Уже стало традицией делить фотоальбомы, над которыми я работал на отдельные главы. Так же было и с книгой «Ташкент-2000». Одна из глав, посвященная послереволюционному Ташкенту, начиналась фотографиями Макса Пенсона. Но, к сожалению, я в то время не работал с архивом своего отца, практически ничего не знал о нем. И фотографии, которые опубликованы в книге, оказались не самыми лучшими. Но, тем не менее, они снова окунули меня в мое детство. Они вернули меня в отчий дом. И я снова ощущаю запах волос моей матери и чувствую прикосновение рук моего отца.

Помню, что когда отец получал или покупал новую партию пленки, он заряжал свой аппарат, выходил во двор и снимал нас, заборы в нашем дворе, нашу собаку. До сих пор сохранились эти кадры…

…Очередная командировка. У нас был довольно длинный маршрут Москва-Пекин-Ханой. До Пекина самолет совершал две посадки – в Омске и Иркутске. Пассажиров было немного. После всех предотъездных хлопот захотелось побыть одному. Ушел в хвост самолета, сел на последнее сиденье. За окном была темная морозная московская ночь. Пробежали мимо аэродромные огни, самолет поднялся. Несмотря на усталость, сна не было ни в одном глазу. В забытом кем-то журнале на глаза попалась маленькая поэма о том, что жизнь в городе заставляет заниматься мелочными делами, которые засасывают человека, как трясина. И каждый раз, когда подходишь к почтовому ящику, боишься увидеть тревожное сообщение о своем больном отце. Герой поэмы думал, что вот завтра он бросит все дела и, наконец, поедет к отцу. Наступало завтра, и послезавтра, а он никак не мог собраться. Но все-таки пришла эта телеграмма. И тогда все мелочи жизни отлетели в сторону. И думалось в дороге: только бы успеть, только бы успеть, увидеть его глаза, коснуться его руки, сказать ему ласковое слово. Но… И вот уже идет наш герой с кладбища, и кажется ему, что никогда до конца жизни он не простит того малодушия, которое есть в каждом из нас.
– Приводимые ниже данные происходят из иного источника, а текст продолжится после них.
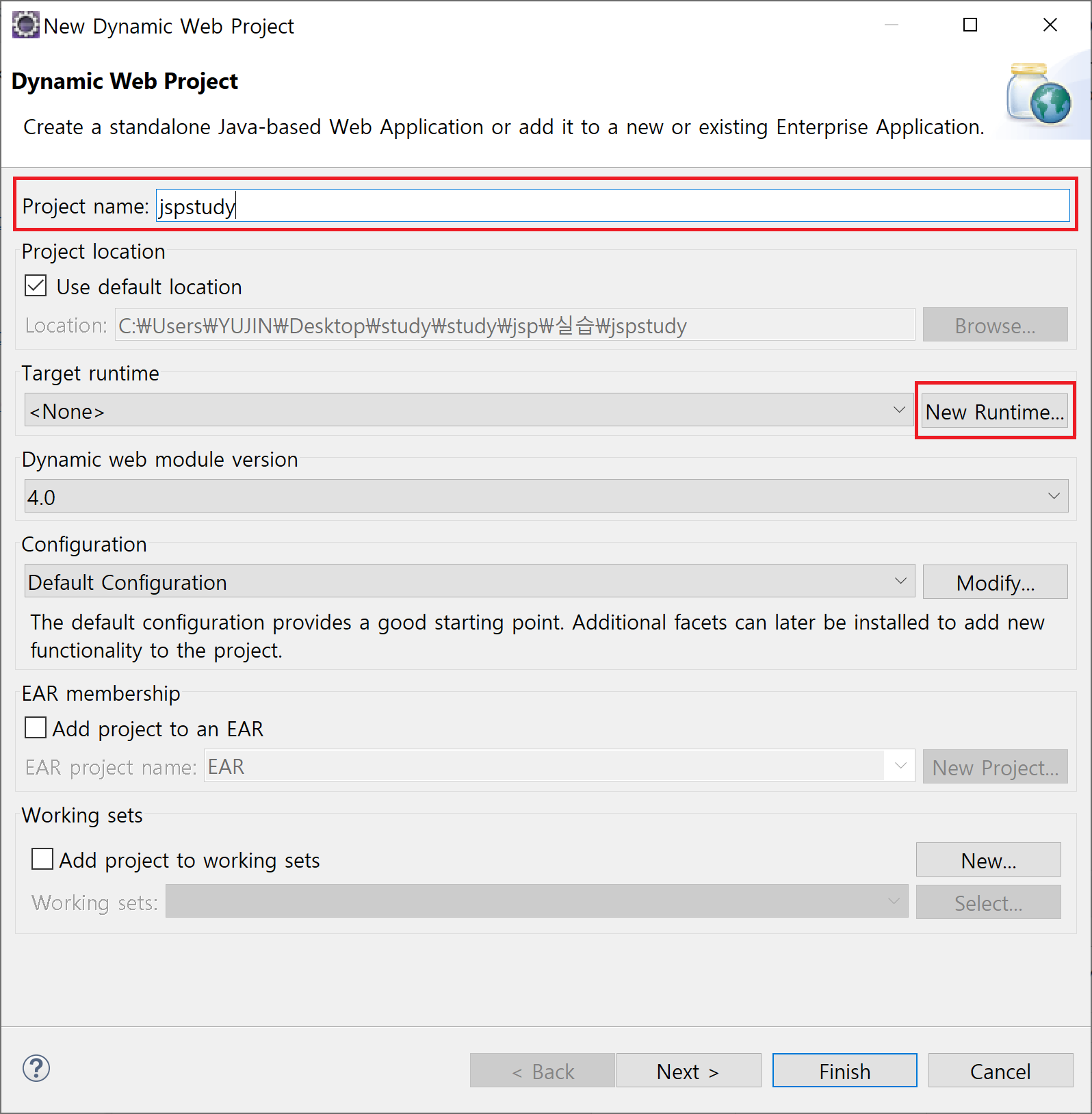 동적 웹 프로젝트 생성

…В то лето меня призвали на военную переподготовку в одну из частей ПВО, расположенную недалеко от Ташкента. Шел 1959 год. Депрессия отца усугублялась день ото дня. Командование части разрешило мне на несколько дней вернуться домой. Отец лежал в своей комнате, у него был потухший взор. Скорая помощь почти круглосуточно дежурила возле дома. Врачи уговорили нас госпитализировать отца. Неотложка находилась на улице Жуковского. Отца поместили в четырехместную палату. Было очень жаркое лето. Он лежал в ней, не прося ничего, только пил чай. Врачи сказали, что кроме депрессии и склероза у отца началось ущемление грыжи. Они заверяли, что ущемление пройдет само собой. Но вопреки их заверениям в ночь на 19 июля отцу стало совсем худо. В больнице дежурил знакомый хирург, с которым мы учились в школе. На него была вся надежда, но он был в операционной, куда меня не пустили. Тогда я подошел к окну операционной со двора, подозвал его. Он оторвался от операции, подошел к окну, выслушал меня и сказал, что делает операцию внематочной беременности. Если я буду настаивать, то, конечно, возьмет отца на стол, но помочь ему он уже ничем не сможет. Если он бросит начатую операцию, то может погибнуть молодая женщина. Мне решать, как поступить. Хотелось закричать от безысходности. Доктор подозвал медсестру, дал ей целый ряд указаний, и мы пошли с ней в палату к отцу. Она исколола его руки, пытаясь сделать внутривенное вливание. Тогда медсестра стала искать вену на его ногах, но все ее попытки были тщетны. Потом отец как-то тяжело вздохнул и замолк. Медсестра наклонилась над ним, закрыла глаза и сказала: «Все…»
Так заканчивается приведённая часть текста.